• [THE DATA]:
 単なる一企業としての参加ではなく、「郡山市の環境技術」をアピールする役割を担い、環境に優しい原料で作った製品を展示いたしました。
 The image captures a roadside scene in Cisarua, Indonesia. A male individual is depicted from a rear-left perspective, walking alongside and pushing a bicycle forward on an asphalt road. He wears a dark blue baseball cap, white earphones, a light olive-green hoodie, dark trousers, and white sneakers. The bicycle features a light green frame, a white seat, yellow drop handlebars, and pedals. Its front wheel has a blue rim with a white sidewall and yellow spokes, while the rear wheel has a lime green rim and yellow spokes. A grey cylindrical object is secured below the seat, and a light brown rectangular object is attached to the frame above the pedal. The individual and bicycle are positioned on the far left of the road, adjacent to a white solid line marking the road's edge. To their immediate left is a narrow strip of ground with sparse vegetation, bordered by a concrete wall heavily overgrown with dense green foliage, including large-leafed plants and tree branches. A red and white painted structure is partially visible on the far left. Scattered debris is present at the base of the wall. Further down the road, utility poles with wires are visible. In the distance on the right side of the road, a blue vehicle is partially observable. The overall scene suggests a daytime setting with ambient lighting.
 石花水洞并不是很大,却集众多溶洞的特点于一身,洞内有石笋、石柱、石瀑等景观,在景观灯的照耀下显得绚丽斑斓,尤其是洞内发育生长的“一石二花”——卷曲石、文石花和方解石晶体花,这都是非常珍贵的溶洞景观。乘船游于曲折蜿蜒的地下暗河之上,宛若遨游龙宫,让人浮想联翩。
==
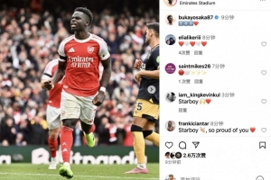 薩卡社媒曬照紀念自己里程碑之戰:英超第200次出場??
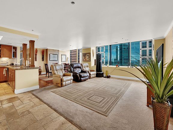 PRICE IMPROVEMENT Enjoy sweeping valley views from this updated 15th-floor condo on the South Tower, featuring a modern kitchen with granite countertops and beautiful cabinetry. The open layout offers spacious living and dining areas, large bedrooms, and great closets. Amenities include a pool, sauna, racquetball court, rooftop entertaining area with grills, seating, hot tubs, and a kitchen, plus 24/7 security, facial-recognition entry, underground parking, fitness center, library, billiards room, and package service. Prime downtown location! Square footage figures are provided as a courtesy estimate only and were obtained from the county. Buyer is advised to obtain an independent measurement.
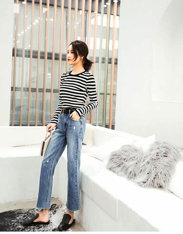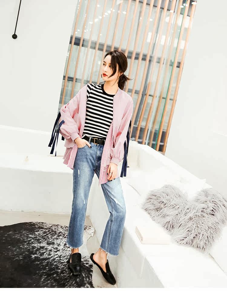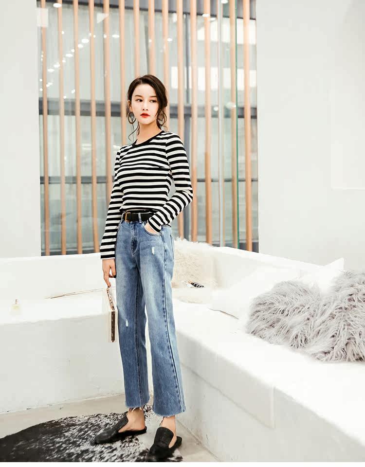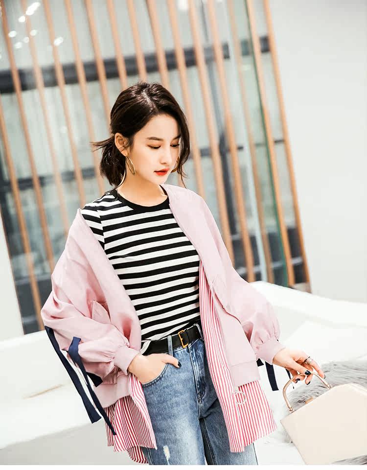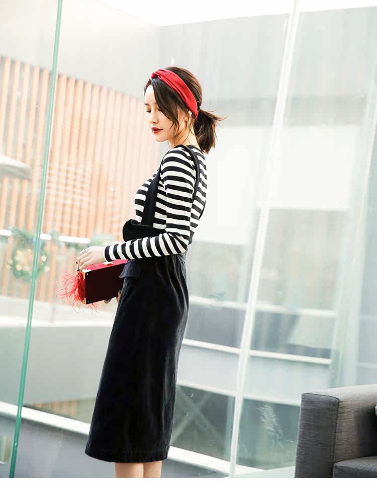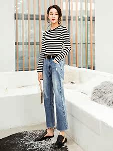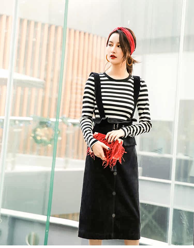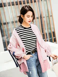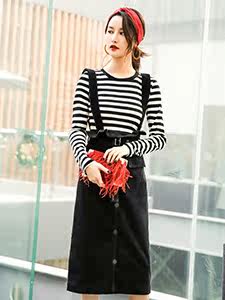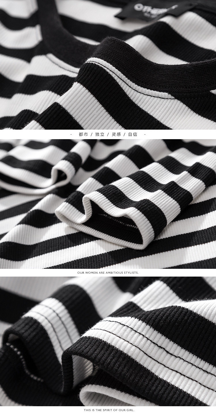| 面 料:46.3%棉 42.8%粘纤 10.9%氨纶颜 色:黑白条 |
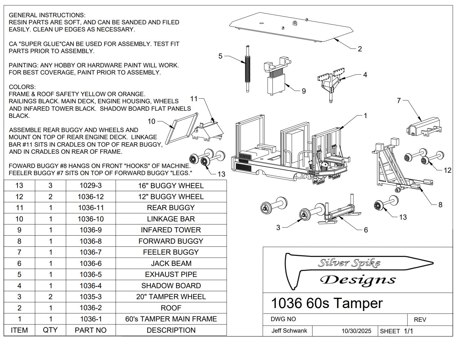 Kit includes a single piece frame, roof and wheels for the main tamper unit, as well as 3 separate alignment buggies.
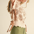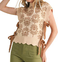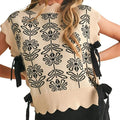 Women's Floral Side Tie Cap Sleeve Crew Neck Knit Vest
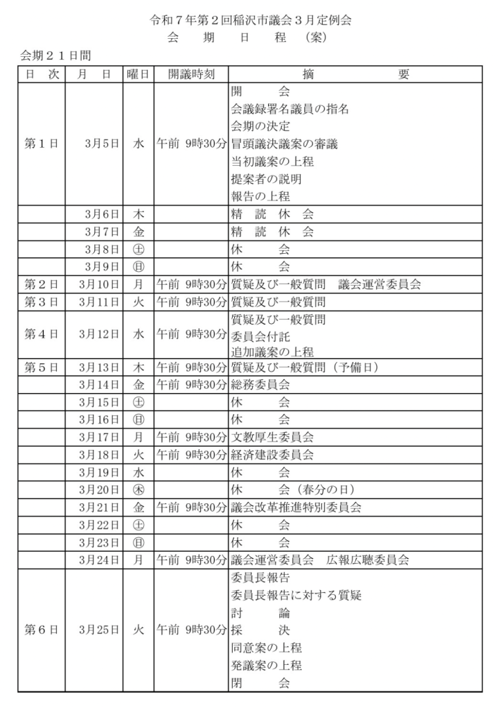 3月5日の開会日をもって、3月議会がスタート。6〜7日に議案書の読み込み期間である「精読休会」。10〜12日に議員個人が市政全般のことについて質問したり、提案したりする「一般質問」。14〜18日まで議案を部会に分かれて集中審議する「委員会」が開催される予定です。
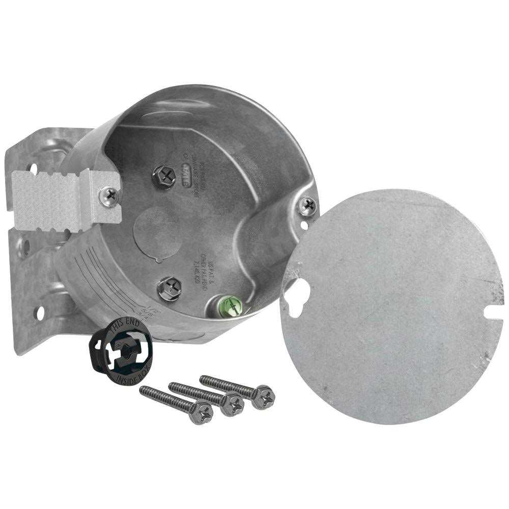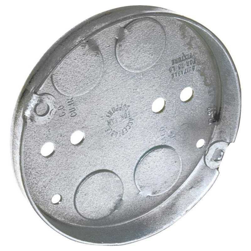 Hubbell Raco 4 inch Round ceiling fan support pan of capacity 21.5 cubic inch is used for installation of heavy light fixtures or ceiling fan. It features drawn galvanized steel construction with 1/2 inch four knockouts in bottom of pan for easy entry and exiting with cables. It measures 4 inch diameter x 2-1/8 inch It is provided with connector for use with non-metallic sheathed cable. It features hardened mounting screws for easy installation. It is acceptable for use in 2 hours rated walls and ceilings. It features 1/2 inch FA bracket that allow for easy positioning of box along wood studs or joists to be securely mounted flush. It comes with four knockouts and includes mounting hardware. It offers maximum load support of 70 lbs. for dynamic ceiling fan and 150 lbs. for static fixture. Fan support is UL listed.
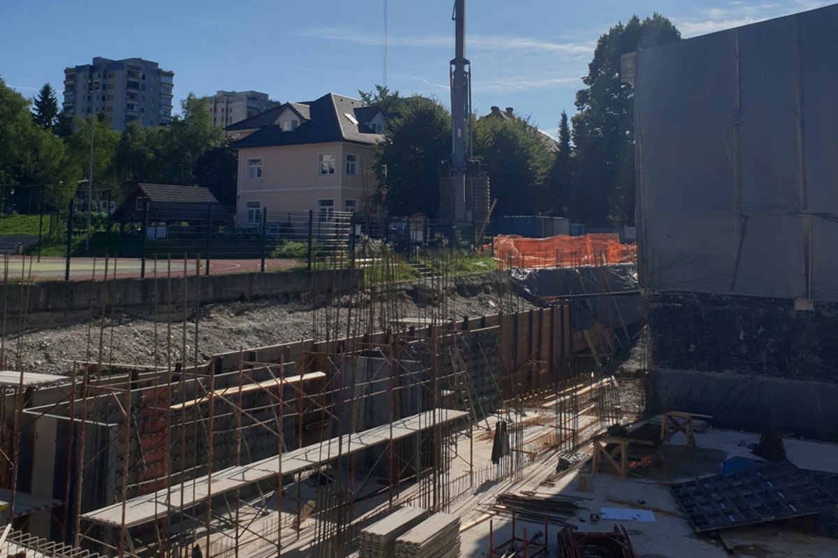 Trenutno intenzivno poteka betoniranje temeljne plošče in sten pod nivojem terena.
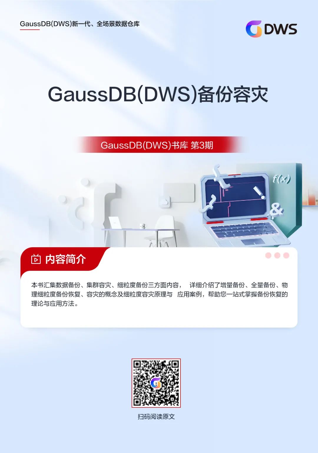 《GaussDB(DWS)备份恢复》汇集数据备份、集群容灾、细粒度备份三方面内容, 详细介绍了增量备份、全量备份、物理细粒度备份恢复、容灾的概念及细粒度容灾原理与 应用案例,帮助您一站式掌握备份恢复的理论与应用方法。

• [WORK ITEM]: In the listing above, find the line with "3月5日の開会日をもって、3" and output every line through the one with "Hubbell Raco 4", exactly, without the pictures.

• [ANSWER]:
 3月5日の開会日をもって、3月議会がスタート。6〜7日に議案書の読み込み期間である「精読休会」。10〜12日に議員個人が市政全般のことについて質問したり、提案したりする「一般質問」。14〜18日まで議案を部会に分かれて集中審議する「委員会」が開催される予定です。
 Hubbell Raco 4 inch Round ceiling fan support pan of capacity 21.5 cubic inch is used for installation of heavy light fixtures or ceiling fan. It features drawn galvanized steel construction with 1/2 inch four knockouts in bottom of pan for easy entry and exiting with cables. It measures 4 inch diameter x 2-1/8 inch It is provided with connector for use with non-metallic sheathed cable. It features hardened mounting screws for easy installation. It is acceptable for use in 2 hours rated walls and ceilings. It features 1/2 inch FA bracket that allow for easy positioning of box along wood studs or joists to be securely mounted flush. It comes with four knockouts and includes mounting hardware. It offers maximum load support of 70 lbs. for dynamic ceiling fan and 150 lbs. for static fixture. Fan support is UL listed.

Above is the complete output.